Bankaların Kentsel Dönüşüm İçin Kredi Vermemesi
Bankaların ne durumda olmadığını bilmiyorum ama bizim de vereceğimiz destekle yaptırabilir. Bankaların durumu ne, hangi şartlarda veriyorlar ya da vermiyorlar çok bilmiyorum.
Yerinde Dönüşüm Kampanyası
500 bin lira hibe, 800 bin lira da kredi vereceğiz konutlar için. Dükkan için de 200 bin TL hibe, 500 bin TL’ye kadar da kredi desteği vereceğiz. 100 metrekarelik ev için ortalama maliyet 10 bin TL. TOKİ standartında bir ev yapması için 1 milyon TL’ye ihtiyaç var. Siz yapın, biz 2-3 aşamada vereceğiz diyoruz. En düşük verilen para 1 milyon TL. Şuan 164 bin vatandaşımız başvurdu. Depremzedenin işini kolaylaştırmak için her şeyi yaptık. Deprem bölgesinde 180 bin konutun ihalesini yaptık. Bulabildiğimiz rezerv alanlarda bu konutlara başladık. Kasım ayında teslim edeceğiz. Cumhurbaşkanımızın 319 bin konut sözü var. Yarın da Kahramanmaraş’a gideceğim ve temel atacağız. Vatandaş anlaşırsa inşaat en fazla 2 sene sürer. Böylelikle 3 yılı bulmadan hayat orada normalleşmiş olur.
“Vatandaş Elindekini Dönüştürürse Sorunun Büyük Bölümü Çözülür”
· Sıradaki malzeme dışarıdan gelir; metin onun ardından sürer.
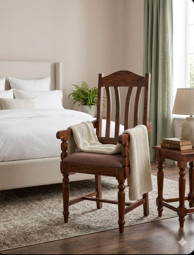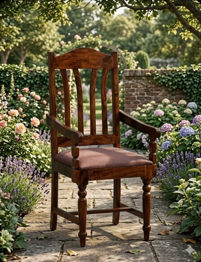 Infuse your home with the rich heritage of Kerala’s Nilambur Teak. This armchair is a masterpiece of traditional craftsmanship, utilizing teak wood sourced from the historic Nilambur region, celebrated for its dense grain and natural resistance to the elements. The deep chocolate-gold finish provides a sophisticated look that highlights the wood’s natural character.
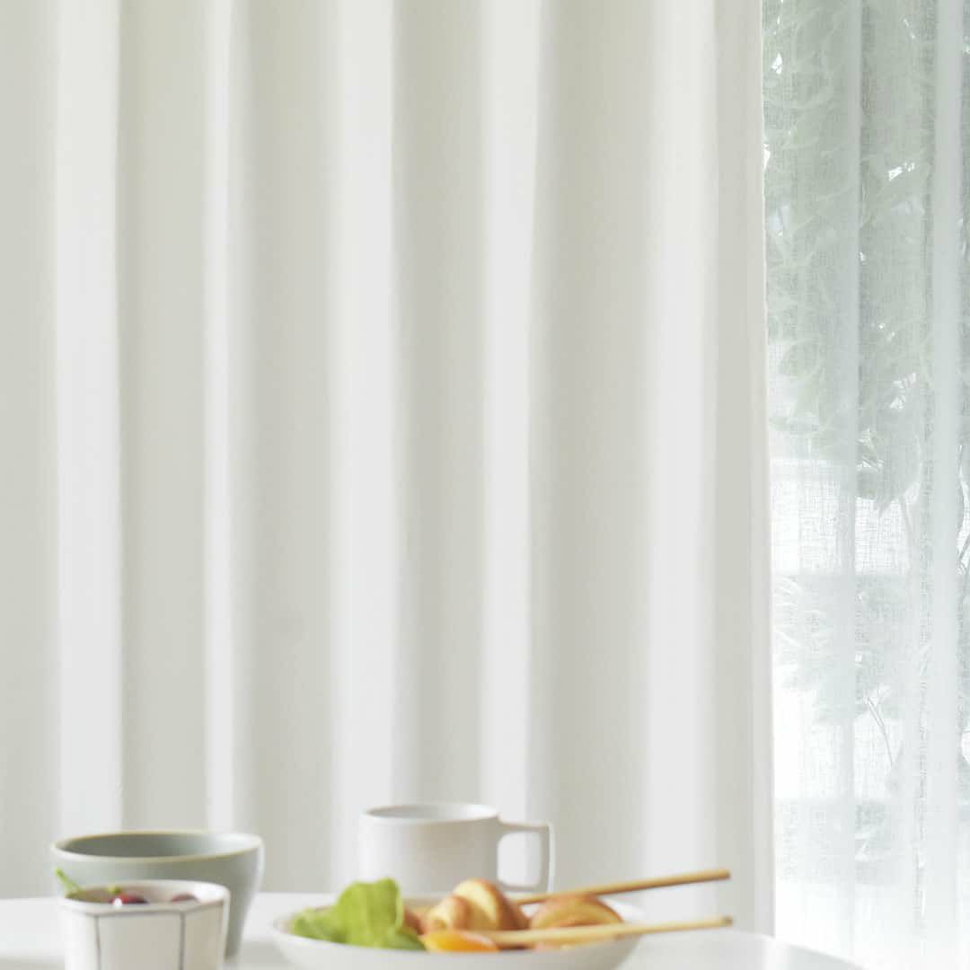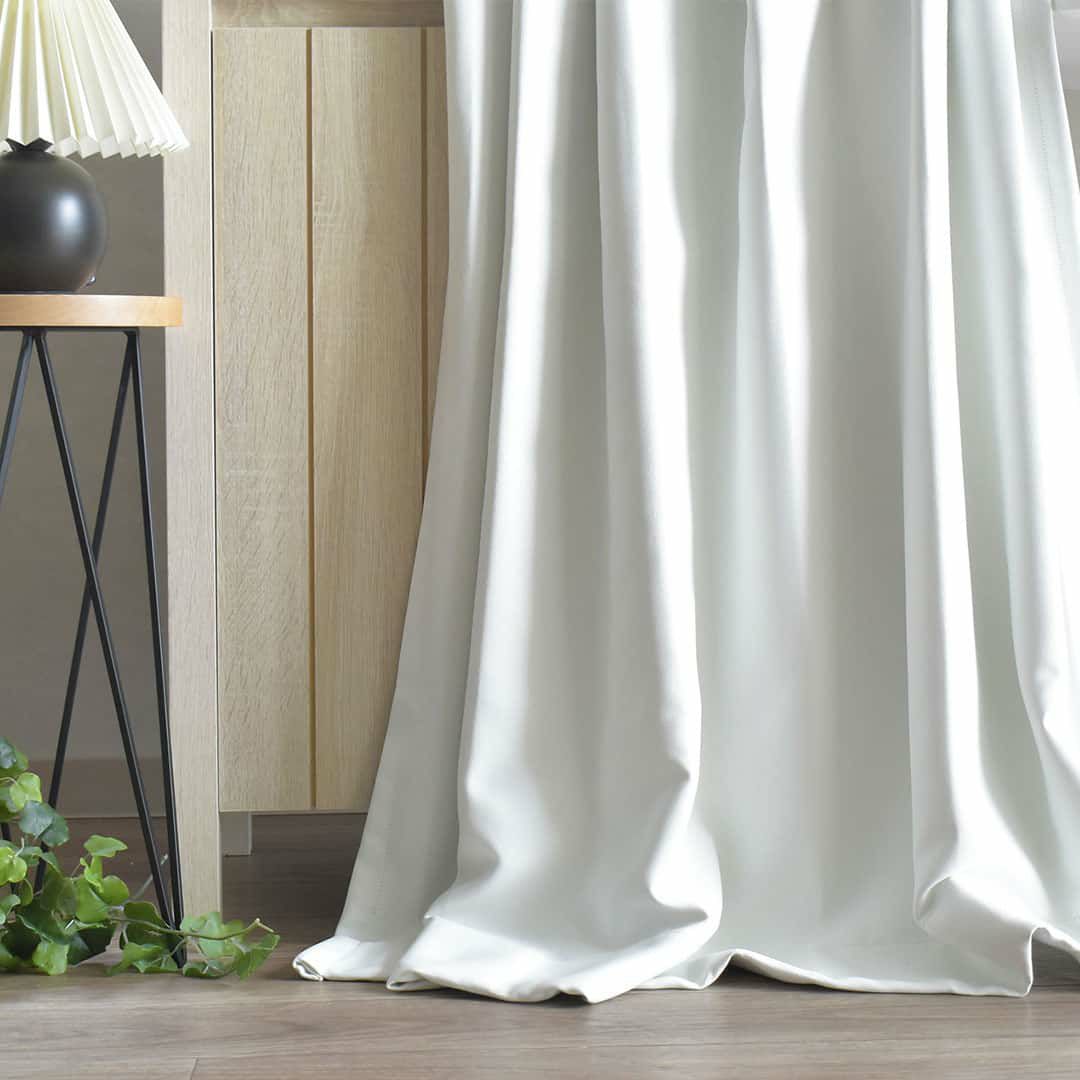 柔らかくもしっかりとした遮光生地です。少し黄みがかったホワイトなのでお部屋に馴染みやすいです。

1 yıl içerisinde 319 bin konutu yapacağız. 680 bin konutu yapacağız. Bunun 140 bini köy evi. Diğerleri şehirdeki konutlar. 319 bin konutu yaparsak, vatandaş da 200 bin konutu yerinde dönüştürürse, sorunun büyük bölümünü çözmüş oluruz. Yerinde dönüşüme başvuru yapanların sayısında memnunum. Günde 2-3 bin kişi başvuru yapacağız. Bu işin özeti; alın parayı binanızı yapıyorum diyoruz. Bu işin en önemli kısmı finansal kısmı. Kolay değil 100 milyar dolar. İller Bankası’nın belediyelere verdiği krediyi durdurduk. Elimizdeki tüm imkanları o bölgeye aktarıyoruz. 465 bin kişi konteynerde yaşıyor. 80 bin kadar insan sosyal tesislerde kalıyor. 320 bin aileye de kira yardımında bulunuyoruz.
Konut ve Kira Krizi
Pandemiyle başlayan süreç, Rusya-Ukrayna savaşı arz talep dengesini bozdu. Deprem bölgesindeki 320 bin aileye kira yardımı yapıyoruz. Bunlar oradan çıkıp diğer şehirlere gitti. Belki de İstanbul’a 50 bin aile geldi. Bunlar da evlere talip oldu. Kiralık ev sayısı da azalınca fiyatlar yükseliyor. Arz-talep dengesi bozulmuş. Arsa üretmemiz gerekiyor. Bunun için de en iyi yer Hazine arsaları. İstanbul’da rezerv alanlarda 20 milyon metrekare yer bulduk. Yasaklı yerler var. Oralar boş görünse de bir şey yapılamıyor. Kimse kirada kalmak istemiyor. İnsanlar konut sahibi olmak istiyor kültürel olarak. Önümüzdeki dönemde de konuta yatırım artacak gibi gözüküyor. Bizim için önemli olan arsa üretmek ve bunu arza dönüştürmek.